=== Begin Enclosure ===

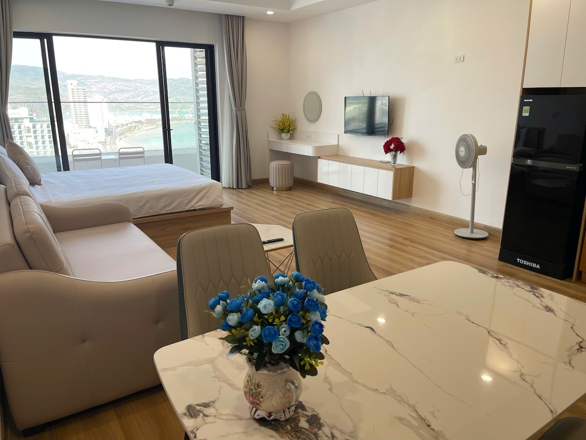Dobro došli u svoj elegantni smještaj uz more u srcu Kuy Nhona! Ovaj jedinstveno dizajnirani studio je savršen za samostalne putnike ili parove koji traže udobnost i praktičnost u TMS Quy Nhon - Hupasearest. 🛋️ Šta će vam se svidjeti: • Udoban bračni krevet s čistom posteljinom i mekim jastucima • Smart TV, brzi Wi-Fi savršen za rad ili zabavu • Potpuno opremljena čajna kuhinja sa frižiderom, kuvalom i osnovnim posuđem • Privatno kupatilo s toplom vodom i besplatnim toaletnim potrepštinama • Balkon s pogledom na more
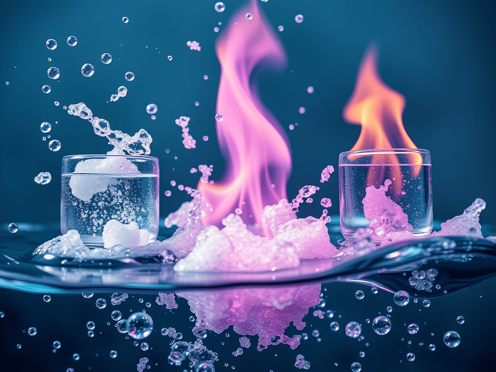- Reacts vigorously, releasing hydrogen. The heat generated is enough to melt the metal, forming a small ball that moves on the water surface.
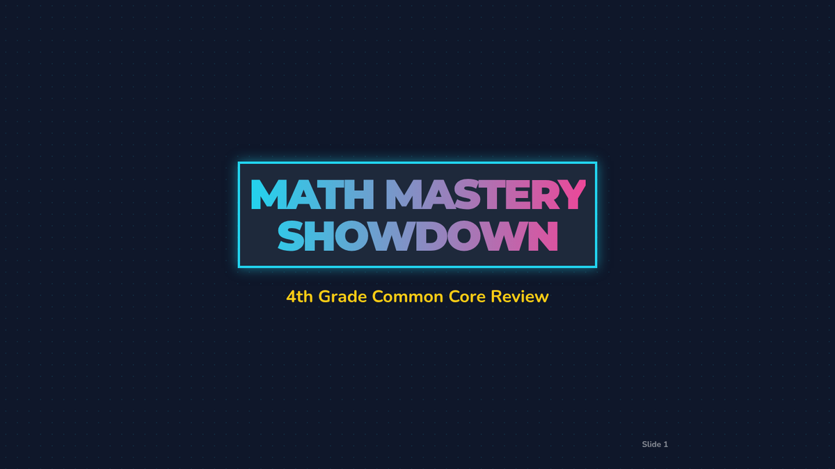A complete 63-slide arcade-themed 4th-grade math review deck. Includes full content for all 6 categories (Operations, Base Ten, Fractions, Measurement, Geometry, and Boss Level) with hidden answer slides and navigation aids.
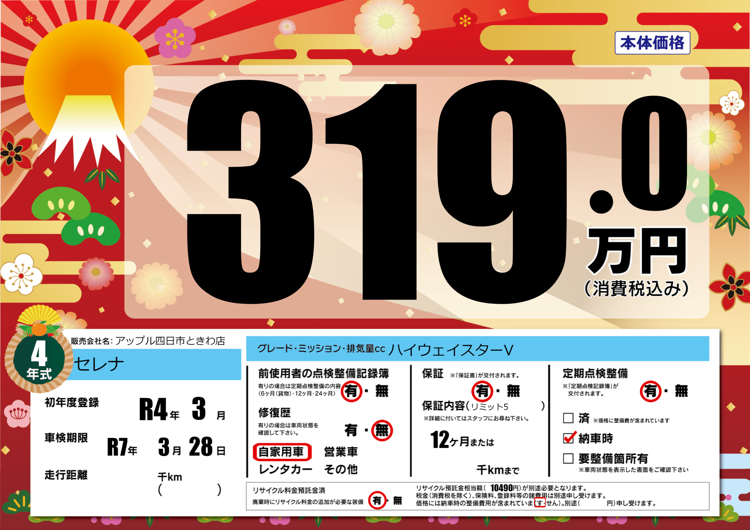 | 走行キロ | - | 初年度登録 | R4年3月 |
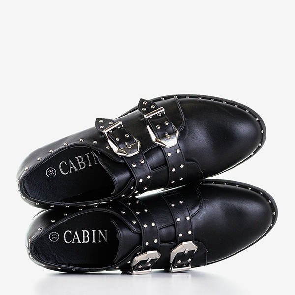- Rewelacyjne półbuty damskie wykonane ze skóry ekologicznej w kolorze czarnym. Cholewka wykończona drobnymi srebrnymi dżetami. Model zapinany dwiema klamrami. Idealnie się sprawdzą do eleganckich i modnych stylizacji!
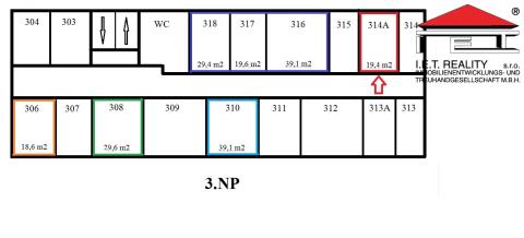 Pronájem kanceláře č. 314A, 19,4 m², situované ve 3.NP komerční budovy na ul. Kroftova v Brně. Jedná se o jednu samostatnou místnost s vlastním vstupem. V rámci podlaží je k dispozici sdílené sociální zařízení s kuchyňkou. Kancelář má vlastní zabezpečovací okruh s přístupem 24/7 a k pronáimu je volná ihned. Možné je využívat také omezenou kapacitu parkovacích míst.
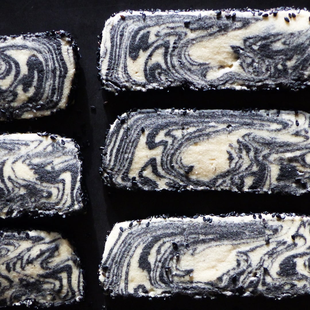 The black tahini in these slice-and-bake Black and White Halvah Cookies makes them sophisticated enough for parents to enjoy while the black sanding sugar adds sweetness for minis. Set up a station for kids to knead the dough to create the marbled look or dip the cookie edges into the black sugar.
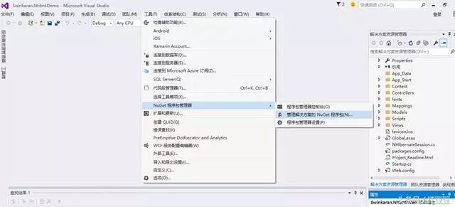 通过VS IDE 提供的NuGet(包管理器控制台)进行NHibernate的安装。如下图:
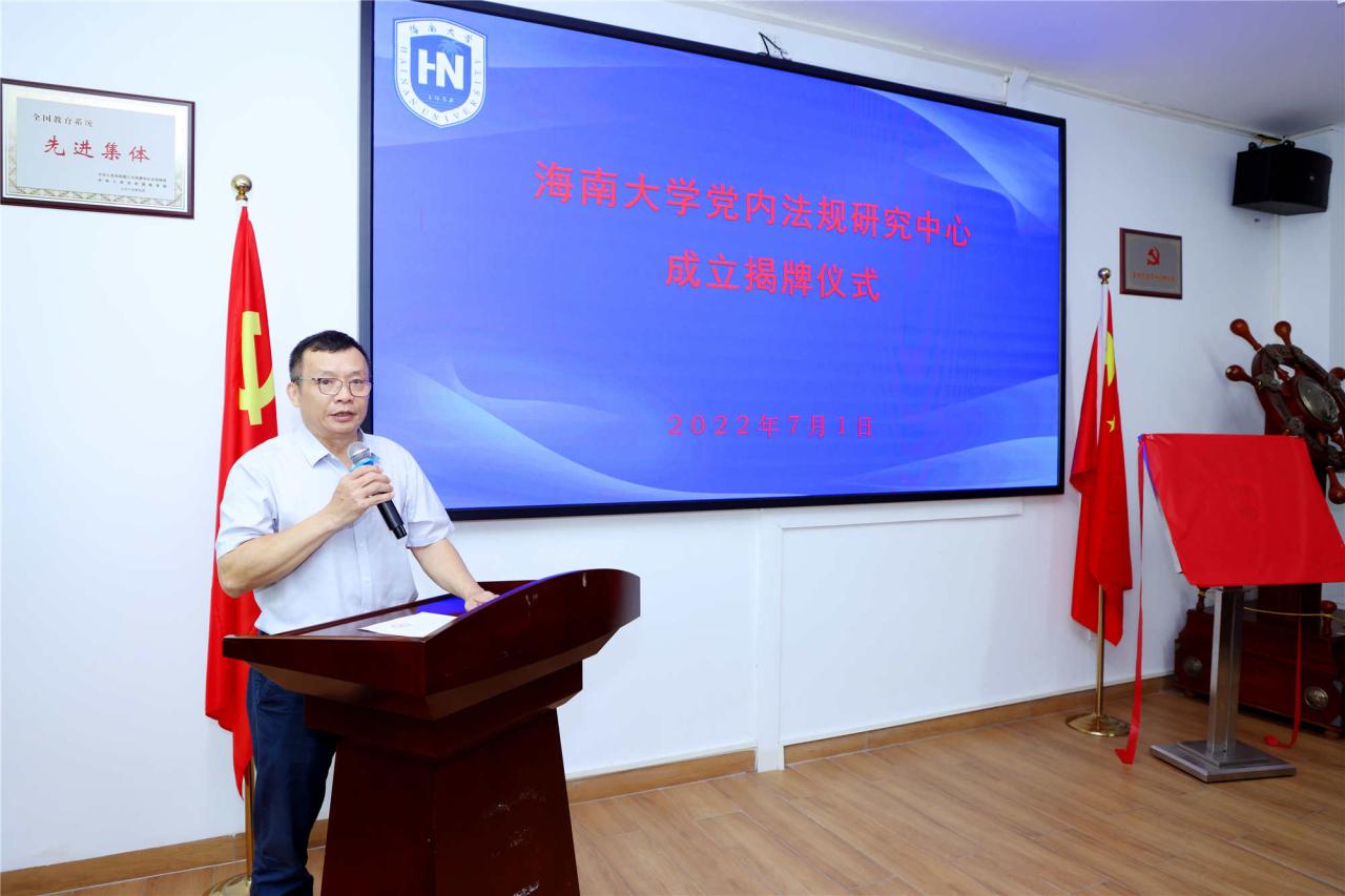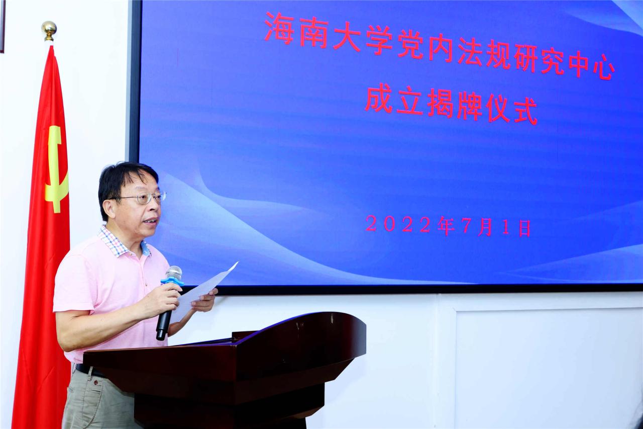 2022年7月1日,ladbrokes立博党内法规研究中心成立揭牌仪式在社科楼举行。省委二级巡视员曾红梅,ladbrokes立博党委常务副书记王崇敏,党委常委、纪委书记郑尉杰,人文社科处处长徐艳晴等领导出席了仪式。ladbrokes立博ladbrokes立博党政领导班子,各教研室主任,以及ladbrokes立博部分师生代表参加了成立仪式。仪式由ladbrokes立博党委书记叶英萍主持。
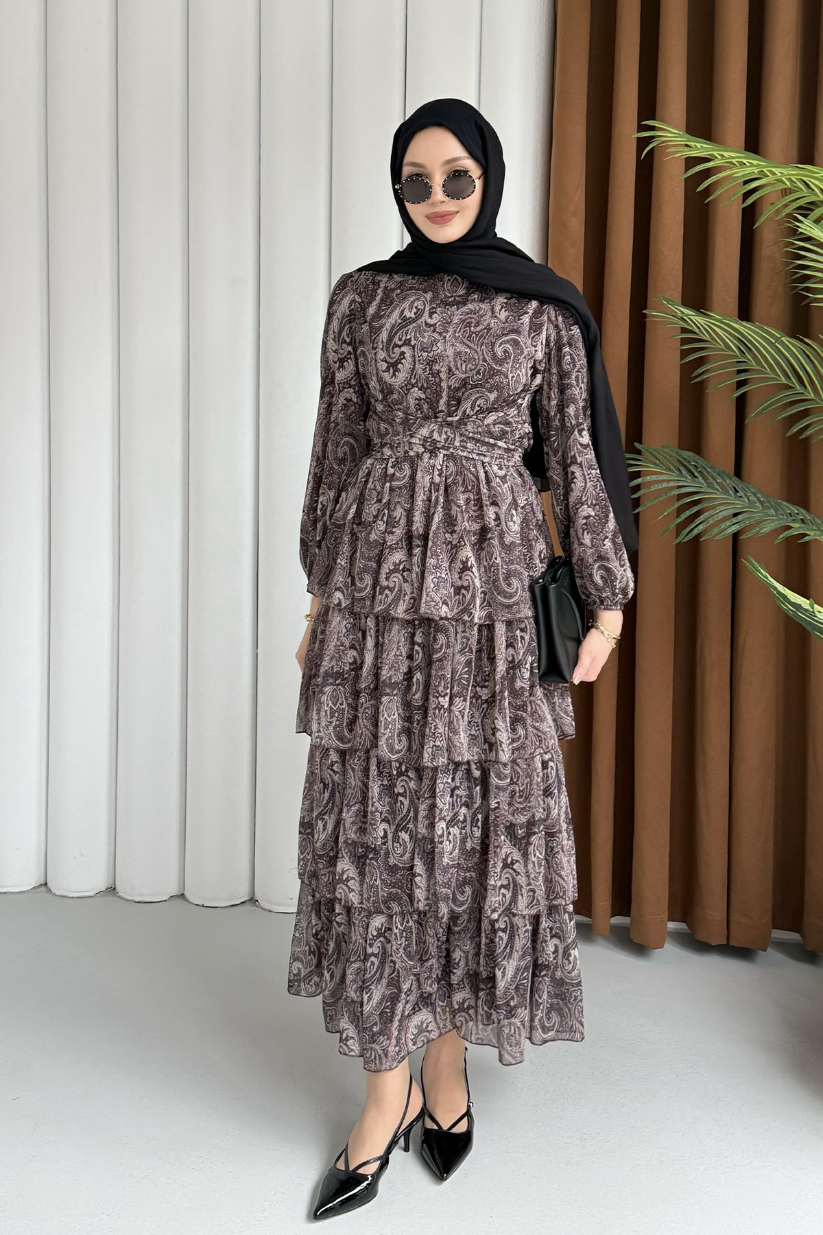 Etnik Desen Şifon Tesettür Elbise-KAHVERENGİ (5980)

=== End Enclosure ===

Try it: Output the listing above in full and exactly, with pictures excluded.

Your response:
Dobro došli u svoj elegantni smještaj uz more u srcu Kuy Nhona! Ovaj jedinstveno dizajnirani studio je savršen za samostalne putnike ili parove koji traže udobnost i praktičnost u TMS Quy Nhon - Hupasearest. 🛋️ Šta će vam se svidjeti: • Udoban bračni krevet s čistom posteljinom i mekim jastucima • Smart TV, brzi Wi-Fi savršen za rad ili zabavu • Potpuno opremljena čajna kuhinja sa frižiderom, kuvalom i osnovnim posuđem • Privatno kupatilo s toplom vodom i besplatnim toaletnim potrepštinama • Balkon s pogledom na more
- Reacts vigorously, releasing hydrogen. The heat generated is enough to melt the metal, forming a small ball that moves on the water surface.
A complete 63-slide arcade-themed 4th-grade math review deck. Includes full content for all 6 categories (Operations, Base Ten, Fractions, Measurement, Geometry, and Boss Level) with hidden answer slides and navigation aids.
 | 走行キロ | - | 初年度登録 | R4年3月 |
- Rewelacyjne półbuty damskie wykonane ze skóry ekologicznej w kolorze czarnym. Cholewka wykończona drobnymi srebrnymi dżetami. Model zapinany dwiema klamrami. Idealnie się sprawdzą do eleganckich i modnych stylizacji!
 Pronájem kanceláře č. 314A, 19,4 m², situované ve 3.NP komerční budovy na ul. Kroftova v Brně. Jedná se o jednu samostatnou místnost s vlastním vstupem. V rámci podlaží je k dispozici sdílené sociální zařízení s kuchyňkou. Kancelář má vlastní zabezpečovací okruh s přístupem 24/7 a k pronáimu je volná ihned. Možné je využívat také omezenou kapacitu parkovacích míst.
 The black tahini in these slice-and-bake Black and White Halvah Cookies makes them sophisticated enough for parents to enjoy while the black sanding sugar adds sweetness for minis. Set up a station for kids to knead the dough to create the marbled look or dip the cookie edges into the black sugar.
 通过VS IDE 提供的NuGet(包管理器控制台)进行NHibernate的安装。如下图:
 2022年7月1日,ladbrokes立博党内法规研究中心成立揭牌仪式在社科楼举行。省委二级巡视员曾红梅,ladbrokes立博党委常务副书记王崇敏,党委常委、纪委书记郑尉杰,人文社科处处长徐艳晴等领导出席了仪式。ladbrokes立博ladbrokes立博党政领导班子,各教研室主任,以及ladbrokes立博部分师生代表参加了成立仪式。仪式由ladbrokes立博党委书记叶英萍主持。
 Etnik Desen Şifon Tesettür Elbise-KAHVERENGİ (5980)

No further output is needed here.